At this point, Chidmma, who was a yam seller, began running from pillar to post to ensure her son survived the cancer.
“I must say thank you to the founder of Timilehin Leukaemia Foundation, Mrs Janet Modupe Oyedele who assisted all through the trying time. I was in LASUTH sometime in October 2017 when a lady walked in and said to me, Madam, the nurse said your boy has leukaemia, what can I do for you?
“I told her there was nothing she could do for me only to assist whenever it’s time for the chemotherapy. Immediately she gave me N10.000 and promised me whenever it was time to run the chemotherapy test, she’d help. The chemotherapy was going on, so she travelled and we began to run another test that same month but I could nopt reaise the complete cost, so I had to call her. She was in UK, but she picked the call and from the UK she sent another N10.000. With that, we were able to run the chemotherapy test.
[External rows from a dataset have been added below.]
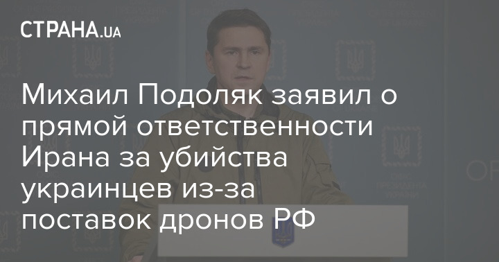 Михаил Подоляк заявил о прямой ответственности Ирана за убийства украинцев из-за поставок дронов РФ
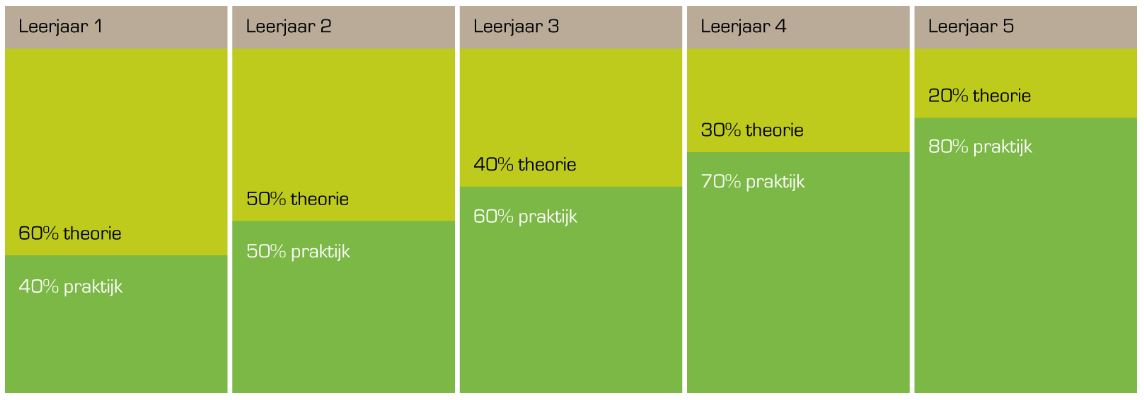 In de theorielessen werken we met een doorlopende leerlijn. Het onderwijs van alle leerjaren sluit op elkaar aan. De mogelijkheden van de leerling zijn daarbij weer ons uitgangspunt. We werken in de klas met planners. Vanaf leerjaar 1 leren de leerlingen zelf plannen en verantwoordelijkheid nemen voor hun schoolwerk. In de hogere klassen breiden we dit uit om de leerlingen zo goed mogelijk voor te bereiden op een baan of een vervolgopleiding.
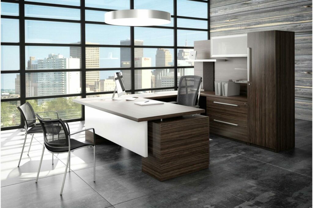 The Montreal Executive Desk, expertly crafted with a sleek laminate finish and available in two top thickness options. Choose from over 20 colors and dozens of configurations to tailor your workspace perfectly. Highlighted by a striking floating laminate modesty panel, this desk combines modern aesthetics with functional elegance. Ideal for creating a sophisticated look, especially in two-tone combinations, the Montreal Executive Desk is designed to inspire productivity and elevate the ambiance of executive offices.
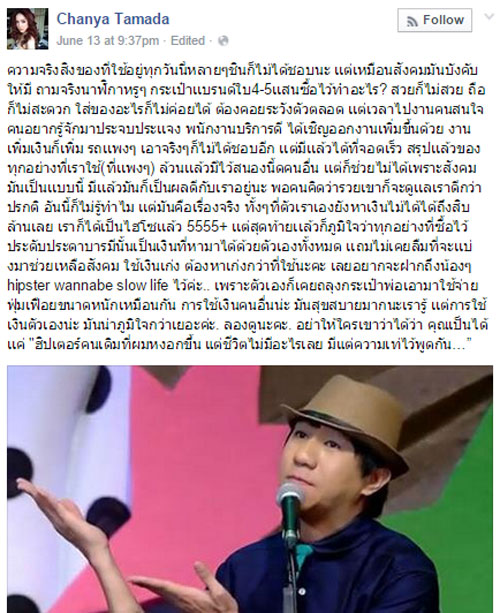 หลังหนุ่มอารมณ์ดี "โน้ส อุดม แต้พานิช" ออกมาเตือนสติวัยรุ่นยุคใหม่ว่า "อย่าเพิ่งมาดัดจริตสโลว์ไลฟ์ เพราะคุณเพิ่งเรียนจบกันมาหมาด ๆ ชีวิตต้องรีบก่อนเลย ต้องขยัน ทำงานหนักก่อน ก่อนที่จะมานั่งชิล ใช้ของแพง ๆ ใช้ของที่ดูเหมือนง่าย" เพียงแค่ข้ามคืนก็มีชาวเน็ตเข้าไปกระหน่ำแชร์ข้อความโดนใจนี้กับเพียบ แถมงานนี้ เมื่อวันที่ 13 มิถุนายน 2558 สาวชัญญ่า ทามาดะ ก็โพสต์ข้อความลงเฟซบุ๊กในเชิงที่เห็นด้วยกับแนวคิดของ โน้ส อุดม จัดว่าเด็ด ! ชัญญ่า ทามาดะ ฝากข้อความถึงน้อง ๆ ฮิปสเตอร์ วันนาบี
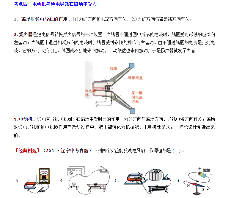 2023年中考物理电与磁考点四:动机与通电导线在磁场中受力
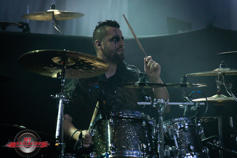 Das Theme von „Terminator 2“ erklingt, ein Jubelsturm bricht los, die Band kommt auf die Bühne und steigt mit „Shock“ erwartungsgemäß ein. Gehen wir zuerst auf die zweite Frage ein. Dino sieht ein wenig verbraucht aus, vielleicht liegt es an den Tour Strapazen, vielleicht ist auch er körperlich etwas angeschlagen. Nichtsdestotrotz zeigt er sich in Feierlaune und spielfreudig.

After that, I was told my baby was okay.”
According to Chidimma, on completion of the chemotherapy, Chibueze regained himself but he could still not walk.
He was assigned a physiotherapist, who carried out a few therapies on his legs. “We were discharged on 3rd of November 2017 and asked to return every week for the chemotherapy and physiotherapy.”
However, Chibueze, sometime in February 2018, began to emaciate. His tummy began to swell.
“He was supposed to take the last chemotherapy in April. the doctors gave me a list of things to buy, Mrs Oyedele again gave me N15.000 with which I ran to the pharmacy to get some emergency drips which they gave to stabilize him.
We returned to the hospital after two weeks, and the doctor said they could not do any chemotherapy on the child as it was very dangerous but they prescribed a drug.
“I went to Alpha Pharmacy in Ogba to ask for the drugs. I was told it was N550.000 for one of the injections; I called Mrs Oyedele and told her but she said she didn’t have such amount but we should hope in God. The doctors suggested we go for bone marrow transfusion so they discharged me and said she should work on the money.
“I am still pained by what one of the doctors did. My child told me that while I went for the drug one of the doctors came to him and said she is sorry, that they’ve tried all they could. We spent over N2 million. I saw my son suffering. He was like an Egyptian mummy.